TASK DESCRIPTION: Write each line out exactly, from the one containing "私は、カフェオーレとシフォン" through the final line of the data, and keep pictures out of the copy.

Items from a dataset
=-=-=

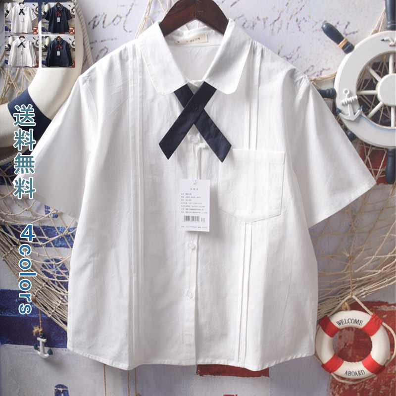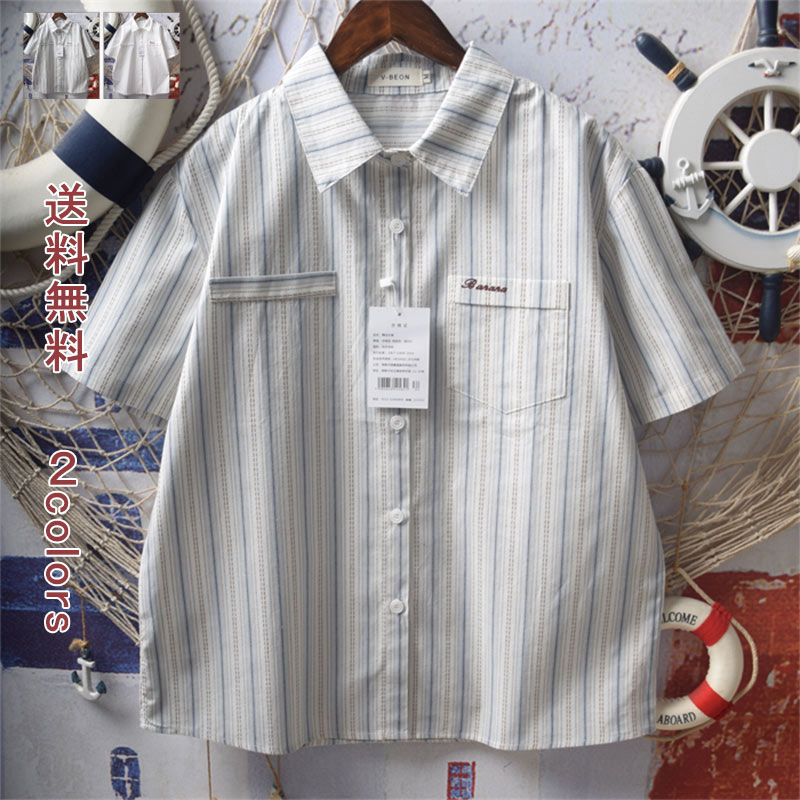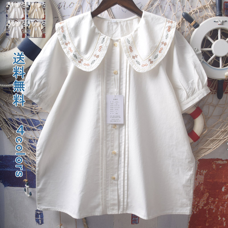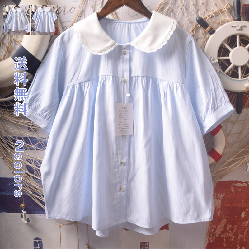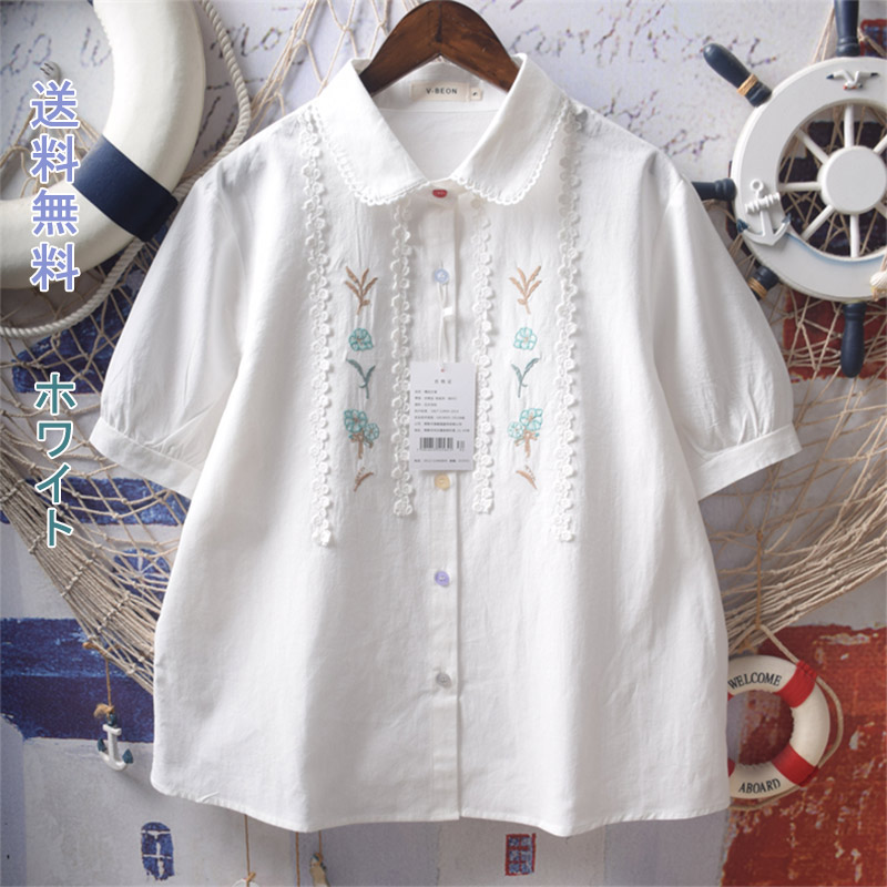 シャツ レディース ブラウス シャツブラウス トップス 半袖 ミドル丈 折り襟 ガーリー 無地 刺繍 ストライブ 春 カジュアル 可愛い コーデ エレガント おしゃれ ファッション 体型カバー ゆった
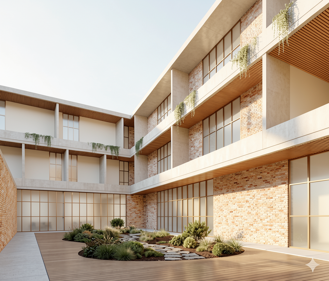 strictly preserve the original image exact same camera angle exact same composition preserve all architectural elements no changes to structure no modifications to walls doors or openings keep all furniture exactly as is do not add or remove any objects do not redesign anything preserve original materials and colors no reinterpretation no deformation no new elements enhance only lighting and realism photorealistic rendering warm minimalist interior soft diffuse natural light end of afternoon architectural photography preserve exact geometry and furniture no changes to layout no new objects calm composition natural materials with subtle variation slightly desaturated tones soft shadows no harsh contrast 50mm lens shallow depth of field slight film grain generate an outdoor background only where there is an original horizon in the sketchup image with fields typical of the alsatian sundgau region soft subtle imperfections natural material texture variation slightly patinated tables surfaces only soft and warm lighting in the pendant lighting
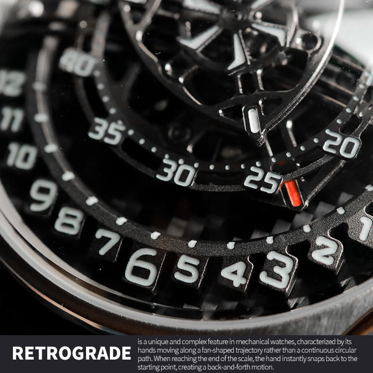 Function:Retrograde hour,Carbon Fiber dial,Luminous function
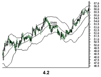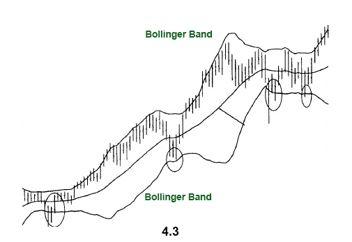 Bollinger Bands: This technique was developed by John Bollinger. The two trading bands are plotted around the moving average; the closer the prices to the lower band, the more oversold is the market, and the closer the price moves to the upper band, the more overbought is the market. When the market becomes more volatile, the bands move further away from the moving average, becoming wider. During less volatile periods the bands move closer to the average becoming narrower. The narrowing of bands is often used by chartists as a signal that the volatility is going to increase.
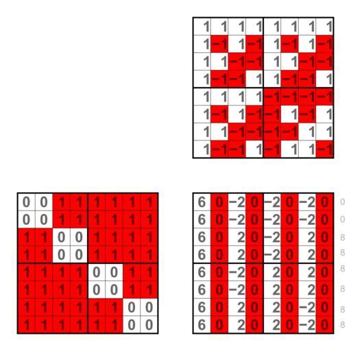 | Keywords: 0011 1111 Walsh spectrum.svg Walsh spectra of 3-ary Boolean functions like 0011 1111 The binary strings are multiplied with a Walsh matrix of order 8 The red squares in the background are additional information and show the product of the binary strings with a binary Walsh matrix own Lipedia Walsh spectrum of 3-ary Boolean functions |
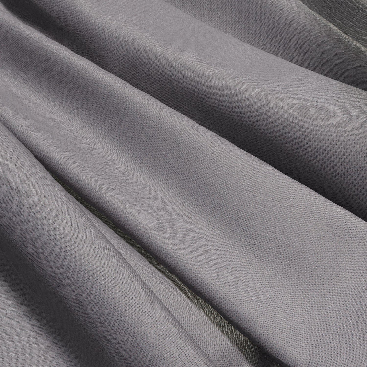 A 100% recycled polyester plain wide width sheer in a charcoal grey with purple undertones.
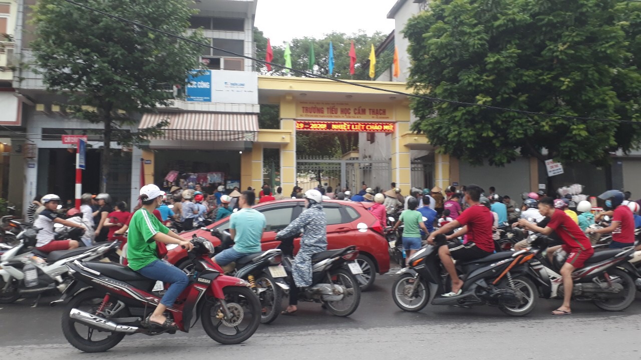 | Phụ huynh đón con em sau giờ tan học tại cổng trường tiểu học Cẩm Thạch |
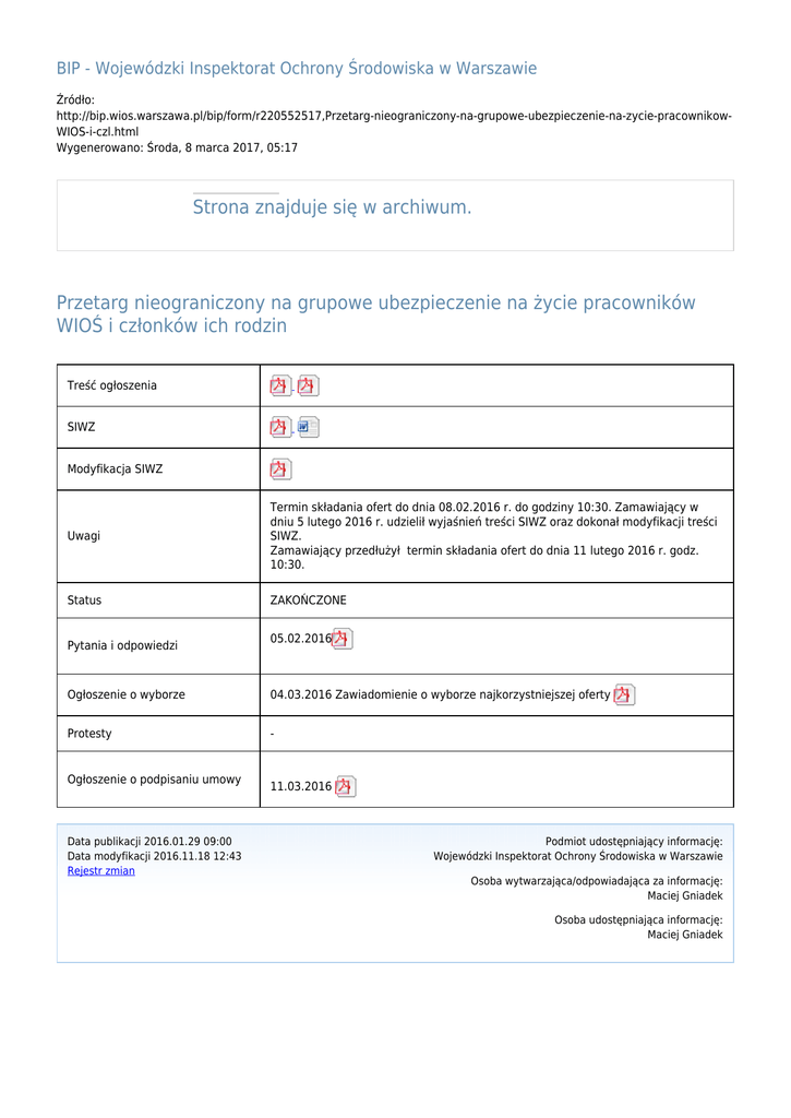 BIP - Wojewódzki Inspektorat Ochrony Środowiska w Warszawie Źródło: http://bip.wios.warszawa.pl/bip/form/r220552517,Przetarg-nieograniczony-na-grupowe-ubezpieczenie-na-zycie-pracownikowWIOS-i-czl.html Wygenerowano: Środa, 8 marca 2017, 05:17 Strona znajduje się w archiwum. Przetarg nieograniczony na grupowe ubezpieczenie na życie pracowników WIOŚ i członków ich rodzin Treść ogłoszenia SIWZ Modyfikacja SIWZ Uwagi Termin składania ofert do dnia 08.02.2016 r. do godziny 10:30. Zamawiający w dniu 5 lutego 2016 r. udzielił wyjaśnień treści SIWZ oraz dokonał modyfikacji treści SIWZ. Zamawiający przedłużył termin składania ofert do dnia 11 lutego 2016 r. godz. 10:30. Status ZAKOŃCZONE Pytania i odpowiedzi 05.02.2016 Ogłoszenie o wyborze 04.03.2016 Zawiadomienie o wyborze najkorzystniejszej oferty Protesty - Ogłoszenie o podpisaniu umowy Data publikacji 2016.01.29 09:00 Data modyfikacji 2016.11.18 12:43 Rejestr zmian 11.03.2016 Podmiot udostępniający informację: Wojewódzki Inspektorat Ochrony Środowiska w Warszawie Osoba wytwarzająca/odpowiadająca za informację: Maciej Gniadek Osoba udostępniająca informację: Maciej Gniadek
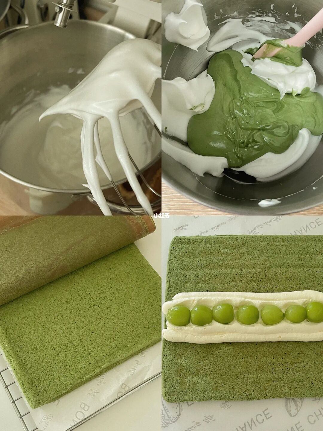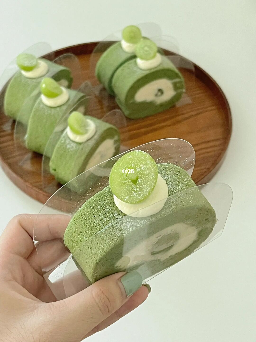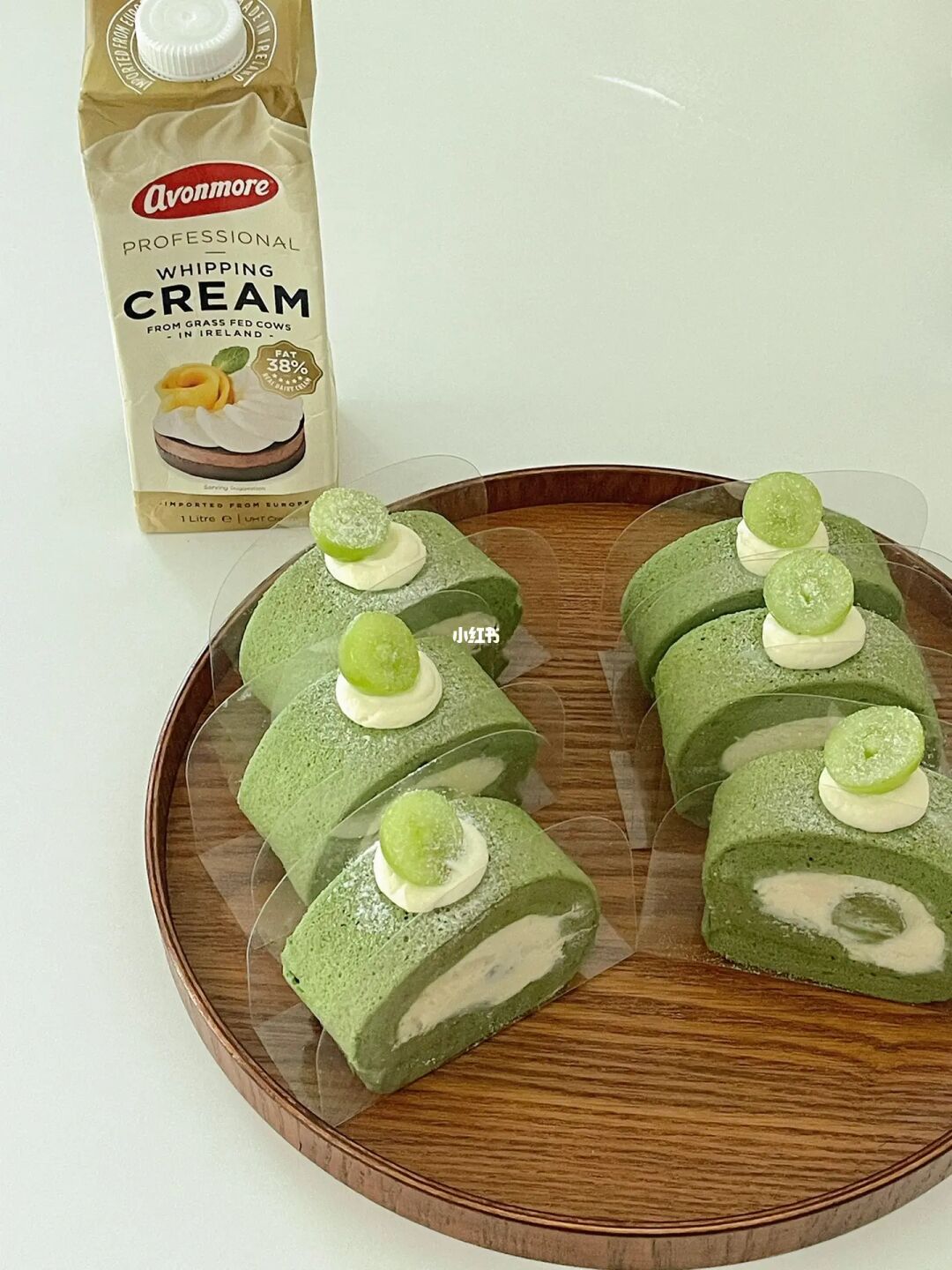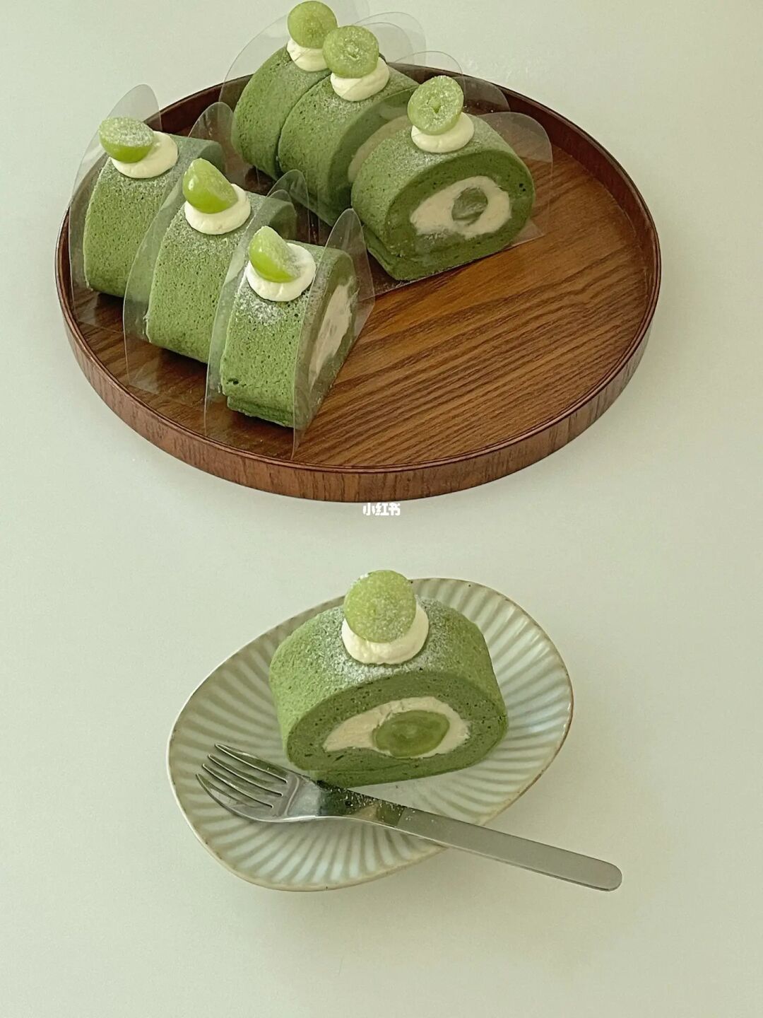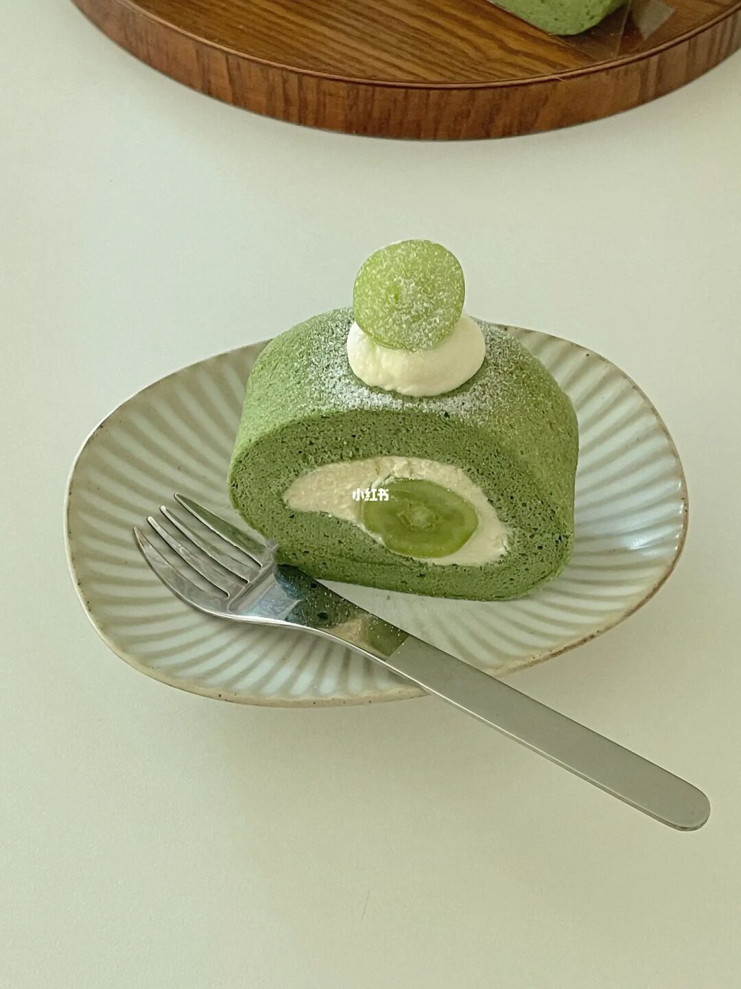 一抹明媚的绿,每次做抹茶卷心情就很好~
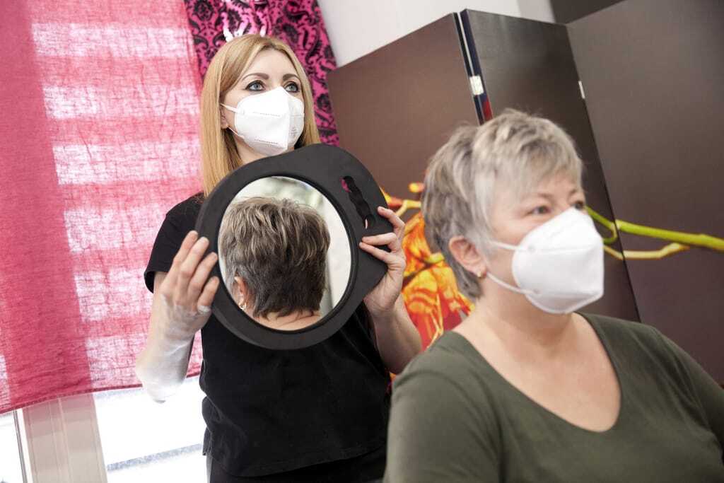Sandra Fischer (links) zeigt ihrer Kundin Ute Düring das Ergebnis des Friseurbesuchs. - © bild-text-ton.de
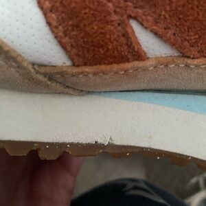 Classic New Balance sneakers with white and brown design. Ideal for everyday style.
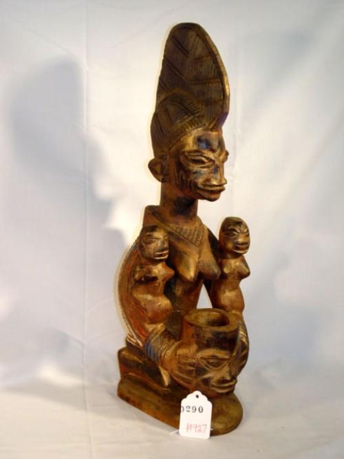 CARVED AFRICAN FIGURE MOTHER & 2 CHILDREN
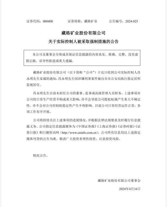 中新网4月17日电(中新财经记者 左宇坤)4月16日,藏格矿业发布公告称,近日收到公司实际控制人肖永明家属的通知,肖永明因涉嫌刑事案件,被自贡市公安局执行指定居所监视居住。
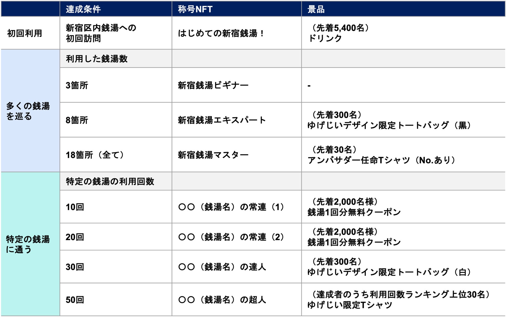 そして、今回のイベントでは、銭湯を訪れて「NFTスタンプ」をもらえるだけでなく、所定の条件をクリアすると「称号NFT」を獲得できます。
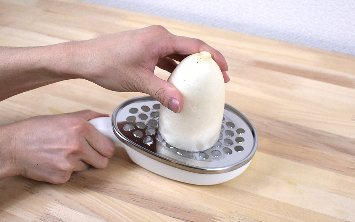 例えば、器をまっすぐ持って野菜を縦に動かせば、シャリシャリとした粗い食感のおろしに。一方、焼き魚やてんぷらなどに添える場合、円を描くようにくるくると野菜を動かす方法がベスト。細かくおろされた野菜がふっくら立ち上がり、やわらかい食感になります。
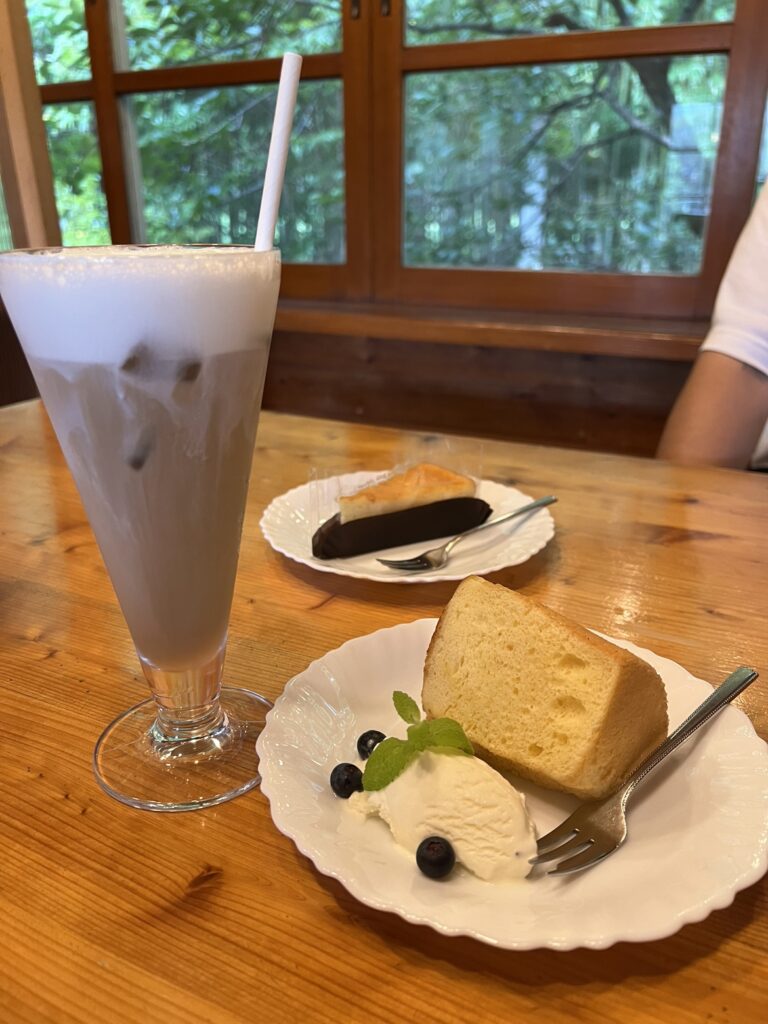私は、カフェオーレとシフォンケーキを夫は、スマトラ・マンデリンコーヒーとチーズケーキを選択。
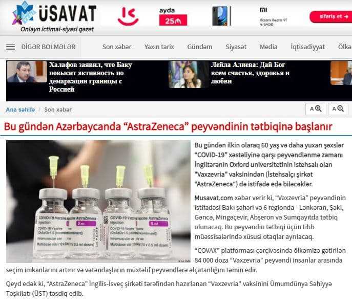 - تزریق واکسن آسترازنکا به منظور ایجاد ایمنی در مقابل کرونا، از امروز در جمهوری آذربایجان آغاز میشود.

=-=-=

FINAL ANSWER:
私は、カフェオーレとシフォンケーキを夫は、スマトラ・マンデリンコーヒーとチーズケーキを選択。
 - تزریق واکسن آسترازنکا به منظور ایجاد ایمنی در مقابل کرونا، از امروز در جمهوری آذربایجان آغاز میشود.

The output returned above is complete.